_Aim of the task_: The reply is a verbatim copy of the listing below with its images dropped.

═════ Exercise data

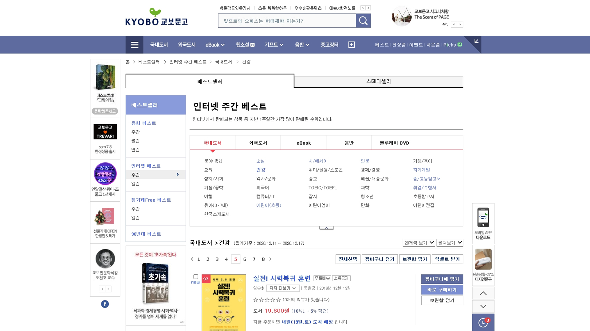 실전!시력복귀훈련 교보문고 2020년 12월 2주 18일 베스트셀러 건강 주간 베스트 97위, 베스트셀러 질병치료/예방 15위, 눈건강 카테고리에서는 2위입니다.
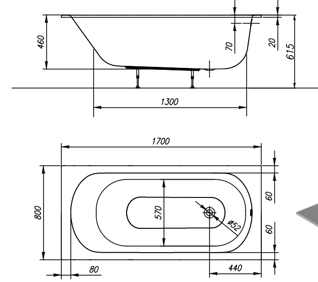 170 X 80 см, литраж - 245 л. Прямоугольная ванна классической формы, предназначена для встройки в подиум. Материал - акрил. Комплектация: ванна без каркаса, без панели.
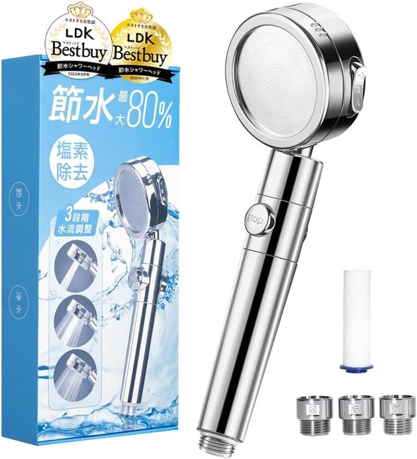日丸屋製作所の「シャワーヘッド」は、極細穴によって水圧を快適なものにしつつ、最大約80%の節水を実現する製品です。手元の止水ボタンでこまめに水を止めることができ、水流は3段階の調整が可能。水道代とガス代の大きな節約につながります。
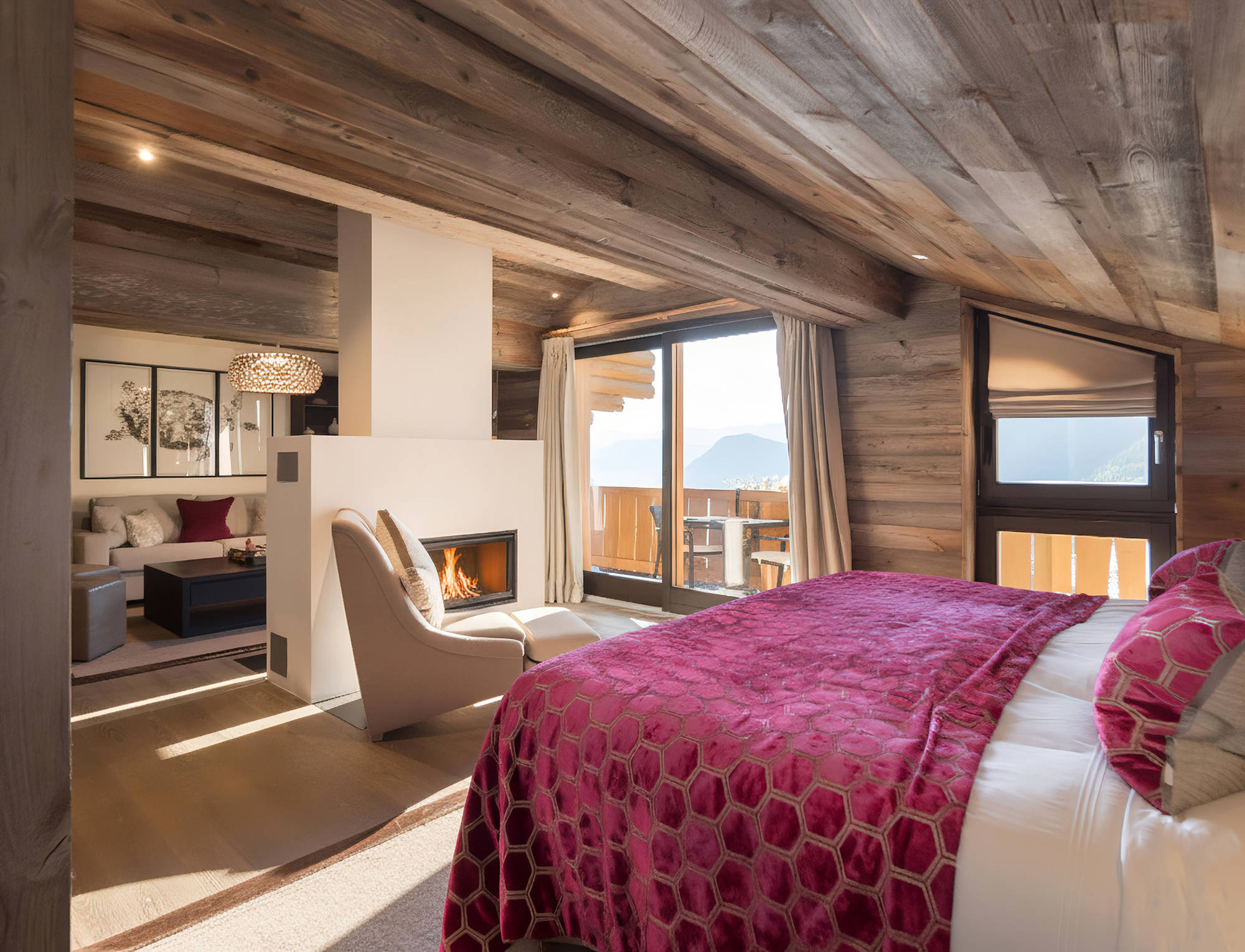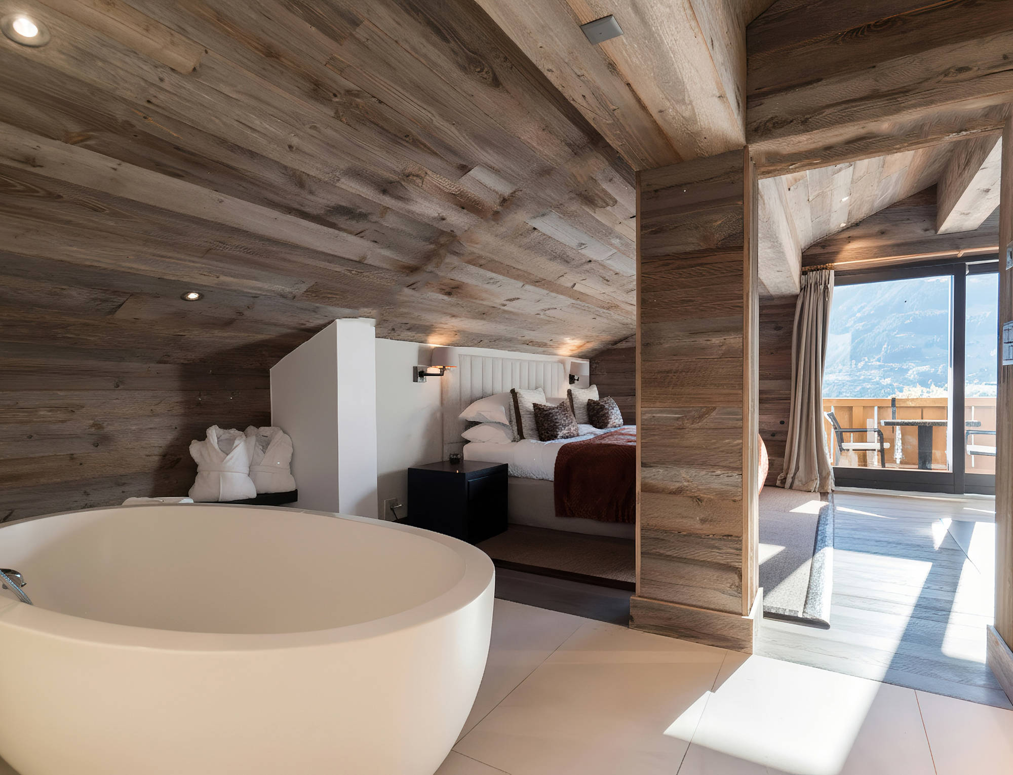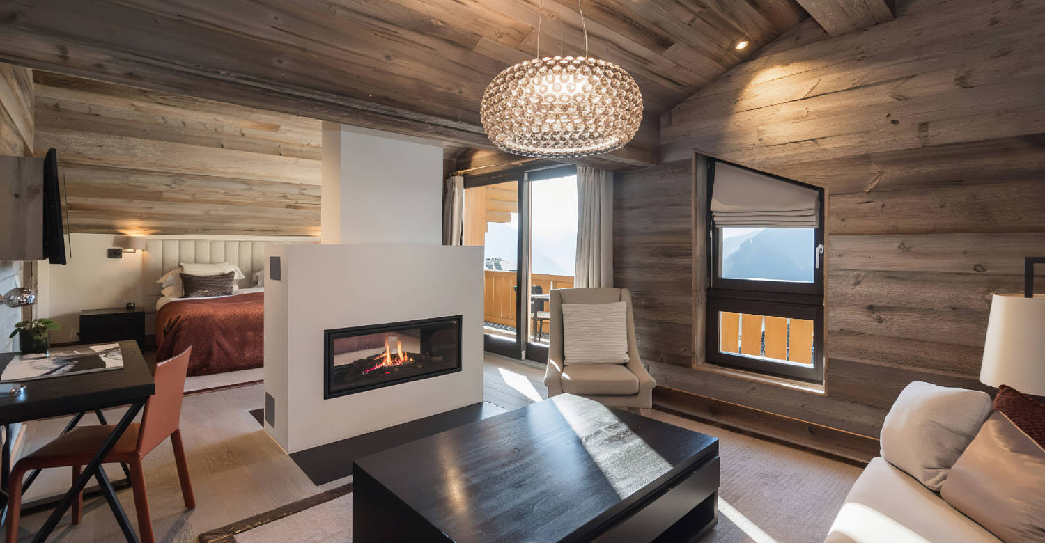 With traditional wooden beams, a decadent central fireplace and balconies commanding awe-inspiring mountain views, our two enormous Master Suites are the perfect place to unwind after an action-packed day in the Swiss Alps. Run a fragrant bubble bath and enjoy a soak in the tub, curl up on the plush sofa with a good book or simply relax in front of the fire. This is a calming, comfortable space where you can lose track of time. Both Master Suites are connected by a secret doorway hidden behind a bookcase – see if you can find it!

══════════

_Result below_:
 실전!시력복귀훈련 교보문고 2020년 12월 2주 18일 베스트셀러 건강 주간 베스트 97위, 베스트셀러 질병치료/예방 15위, 눈건강 카테고리에서는 2위입니다.
 170 X 80 см, литраж - 245 л. Прямоугольная ванна классической формы, предназначена для встройки в подиум. Материал - акрил. Комплектация: ванна без каркаса, без панели.
日丸屋製作所の「シャワーヘッド」は、極細穴によって水圧を快適なものにしつつ、最大約80%の節水を実現する製品です。手元の止水ボタンでこまめに水を止めることができ、水流は3段階の調整が可能。水道代とガス代の大きな節約につながります。
 With traditional wooden beams, a decadent central fireplace and balconies commanding awe-inspiring mountain views, our two enormous Master Suites are the perfect place to unwind after an action-packed day in the Swiss Alps. Run a fragrant bubble bath and enjoy a soak in the tub, curl up on the plush sofa with a good book or simply relax in front of the fire. This is a calming, comfortable space where you can lose track of time. Both Master Suites are connected by a secret doorway hidden behind a bookcase – see if you can find it!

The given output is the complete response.